Kommentar zum Attentat in Manchester Ende der Euphorie

Meinung · Sich seine Lebensgewohnheiten vom Rhythmus des Terrors diktieren zu lassen, ist keine Alternative. Dann wären wir alle bald sehr unfrei, kommentiert GA-Redakteur Holger Möhle.

 Polizisten und andere Einsatzkräfte kümmern sich in Manchester um eine verletzte Frau.

Polizisten und andere Einsatzkräfte kümmern sich in Manchester um eine verletzte Frau.

Foto: dpa

Kinder und Jugendliche gehen zu einem Popkonzert: Vorfreude, Euphorie, große Träume, die Lieder wieder und wieder gehört – zum Mitsingen. Das Idol endlich in Lebensgröße vor sich. Großes Thema in den Tagen davor, großes Thema am Tag danach in der Schule. Doch dann ist alles anders. Der Terror stoppt ihr junges Leben, bevor es richtig begonnen hat – für immer.

Der Anschlag von Manchester ist besonders perfide, weil er ein Anschlag auf die Jugend und damit auf die Zukunft einer Gesellschaft ist. Und genau das sollte es sein: Terror gegen Kinder und Teenager. Der Attentäter wusste: Wer zu einem Konzert des 23 Jahre alten Popstars Ariana Grande geht, ist jung oder sehr jung, eventuell sogar noch in Begleitung der Eltern.

Manchester reiht sich damit ein in die Liste jener europäischen Städte, die in jüngerer Vergangenheit vom (islamistischen) Terror getroffen worden sind: Paris, Nizza, Berlin.
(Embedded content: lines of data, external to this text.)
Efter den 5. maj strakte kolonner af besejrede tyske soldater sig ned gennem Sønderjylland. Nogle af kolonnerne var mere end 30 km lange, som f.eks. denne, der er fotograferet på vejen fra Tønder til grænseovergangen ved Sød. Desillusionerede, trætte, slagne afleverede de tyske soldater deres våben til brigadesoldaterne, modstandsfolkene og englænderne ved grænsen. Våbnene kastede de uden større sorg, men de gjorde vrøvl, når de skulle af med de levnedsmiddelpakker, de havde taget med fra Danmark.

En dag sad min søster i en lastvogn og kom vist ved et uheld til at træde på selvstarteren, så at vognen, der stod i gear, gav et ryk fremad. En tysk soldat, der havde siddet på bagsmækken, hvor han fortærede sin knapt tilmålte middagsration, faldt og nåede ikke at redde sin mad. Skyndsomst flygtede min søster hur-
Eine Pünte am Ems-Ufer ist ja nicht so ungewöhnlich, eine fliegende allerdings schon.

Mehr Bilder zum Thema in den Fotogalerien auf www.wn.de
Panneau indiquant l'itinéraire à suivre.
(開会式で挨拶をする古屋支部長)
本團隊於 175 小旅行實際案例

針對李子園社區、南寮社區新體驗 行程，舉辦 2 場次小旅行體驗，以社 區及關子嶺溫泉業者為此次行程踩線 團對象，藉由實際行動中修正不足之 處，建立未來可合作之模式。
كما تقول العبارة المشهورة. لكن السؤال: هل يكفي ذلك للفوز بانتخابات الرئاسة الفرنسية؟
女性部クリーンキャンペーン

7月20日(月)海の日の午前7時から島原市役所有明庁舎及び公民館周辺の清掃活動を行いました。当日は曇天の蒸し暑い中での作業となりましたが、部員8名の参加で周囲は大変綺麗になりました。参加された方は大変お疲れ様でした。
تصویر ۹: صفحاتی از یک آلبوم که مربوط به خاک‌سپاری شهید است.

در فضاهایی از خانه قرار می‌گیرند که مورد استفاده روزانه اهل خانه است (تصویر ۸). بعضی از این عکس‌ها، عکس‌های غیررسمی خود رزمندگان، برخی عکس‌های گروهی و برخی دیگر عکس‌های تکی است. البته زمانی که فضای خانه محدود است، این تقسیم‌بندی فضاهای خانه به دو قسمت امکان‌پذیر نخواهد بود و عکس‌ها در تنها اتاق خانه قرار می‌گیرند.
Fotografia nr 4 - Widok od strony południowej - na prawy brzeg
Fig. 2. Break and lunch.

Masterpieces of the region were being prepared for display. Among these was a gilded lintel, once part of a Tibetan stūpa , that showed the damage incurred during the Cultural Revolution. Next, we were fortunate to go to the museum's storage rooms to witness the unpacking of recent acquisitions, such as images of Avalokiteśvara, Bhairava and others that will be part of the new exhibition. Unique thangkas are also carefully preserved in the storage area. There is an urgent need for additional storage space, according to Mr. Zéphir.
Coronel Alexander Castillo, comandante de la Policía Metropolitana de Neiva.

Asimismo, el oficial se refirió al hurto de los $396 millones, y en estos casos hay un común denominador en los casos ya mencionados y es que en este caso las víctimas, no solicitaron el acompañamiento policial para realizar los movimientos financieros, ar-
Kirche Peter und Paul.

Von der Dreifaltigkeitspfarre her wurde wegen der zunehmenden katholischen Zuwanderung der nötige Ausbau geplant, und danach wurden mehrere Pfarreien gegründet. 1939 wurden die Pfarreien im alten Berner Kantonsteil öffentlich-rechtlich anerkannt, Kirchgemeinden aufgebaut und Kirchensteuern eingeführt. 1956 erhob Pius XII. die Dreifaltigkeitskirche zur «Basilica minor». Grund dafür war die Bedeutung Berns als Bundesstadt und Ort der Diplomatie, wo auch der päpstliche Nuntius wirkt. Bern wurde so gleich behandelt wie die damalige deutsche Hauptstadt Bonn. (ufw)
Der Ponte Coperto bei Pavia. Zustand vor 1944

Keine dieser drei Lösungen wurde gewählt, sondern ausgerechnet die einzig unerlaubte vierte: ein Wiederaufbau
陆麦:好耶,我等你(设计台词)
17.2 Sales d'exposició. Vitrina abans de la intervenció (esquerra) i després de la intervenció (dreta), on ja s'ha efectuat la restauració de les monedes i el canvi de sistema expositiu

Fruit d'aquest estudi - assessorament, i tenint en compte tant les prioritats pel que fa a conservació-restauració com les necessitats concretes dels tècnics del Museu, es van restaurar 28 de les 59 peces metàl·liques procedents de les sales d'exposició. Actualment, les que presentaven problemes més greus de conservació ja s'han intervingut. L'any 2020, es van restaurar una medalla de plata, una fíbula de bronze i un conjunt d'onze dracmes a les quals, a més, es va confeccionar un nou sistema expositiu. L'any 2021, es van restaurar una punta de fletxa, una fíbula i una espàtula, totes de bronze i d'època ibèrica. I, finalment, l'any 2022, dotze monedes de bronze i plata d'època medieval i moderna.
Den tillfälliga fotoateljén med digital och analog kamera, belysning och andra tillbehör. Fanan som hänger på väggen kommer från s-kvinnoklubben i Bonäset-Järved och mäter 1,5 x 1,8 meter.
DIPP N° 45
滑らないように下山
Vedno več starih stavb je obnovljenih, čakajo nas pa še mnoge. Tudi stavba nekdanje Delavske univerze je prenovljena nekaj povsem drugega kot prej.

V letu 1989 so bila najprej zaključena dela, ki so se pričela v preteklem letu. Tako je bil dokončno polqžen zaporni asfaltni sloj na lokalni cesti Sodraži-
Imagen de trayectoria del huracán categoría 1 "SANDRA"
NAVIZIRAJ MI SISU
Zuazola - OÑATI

Nur dieses Mal – und das macht den Unterschied – wollte der Terror die Jüngsten treffen. Familien sind erschüttert, auseinander gerissen. Eltern fragen nach dem Sinn und finden keine Antwort. Doch auch das ist das Ziel: Die freien, offenen Gesellschaften des Westens sollen in ihren Grundfesten erschüttert werden. Es ist ein Anschlag auf unsere Lebensart und unser Lebensgefühl.

Der Kampf gegen den Terror geht weiter. Ob er jemals endet, ist ungewiss. Es gehört zum Wesen von Terror, dass er seine Opfer unvermittelt trifft, ja, aus dem Leben reißt. Genau damit will er Angst und Schrecken verbreiten und einschüchtern. Sollte ihm dies gelingen, hätten die Terroristen schon ihren Erfolg. Veränderung aus Angst. Deswegen müssen Popkonzerte, Volksfeste, Karnevalsumzüge, Kirchentage oder Fußballspiele unbedingt weitergehen und weiter besucht werden. Freiheit braucht Sicherheit.

Sie kann und sie muss verteidigt werden. Und wie immer nach solchen Anschlägen rückt wieder stärker ins öffentliche Bewusstsein, dass Freiheit und Sicherheit in einer Welt, in der auch die Gefahren globalisiert sind, eben nicht naturgegeben sind. Und es ist absehbar, dass Innere Sicherheit ein großes Thema dieses Bundestagswahlkampfes werden wird. Die Menschen erwarten die Versicherung des Staates, dass dieser die allgemeine Sicherheit nach bestem Wissen und Gewissen garantieren kann.

Jetzt also suchen Ermittler mit Hochdruck nach einem möglichen terroristischen Netzwerk, auf das sich der Attentäter von Manchester abstützen konnte. Jede Information zählt. Potenzielle Attentäter, teilweise hinter unscheinbarer Fassade, leben mitten in den Gesellschaften des Westens. Auch in Deutschland. Ein nächster Anschlag muss mit allen erlaubten verfügbaren Mitteln verhindert werden. Sicherheitspannen und Behördeninkompetenz wie im Falle des Weihnachtsmarkt-Attentäters Anis Amri dürfen sich nicht wiederholen.

Und dennoch kann sich ein Staat nicht zu hundert Prozent vor Terror und Attentaten schützen. Die totale Abschottung, die völlige Überwachung sind nicht die Lösung. Demokratische Gesellschaften sind angreifbar, weil Offenheit zu ihrem Wesenskern zählt. Damit müssen wir leben. Sich seine Lebensgewohnheiten vom Rhythmus des Terrors diktieren zu lassen, ist keine Alternative. Dann wären wir alle bald sehr unfrei.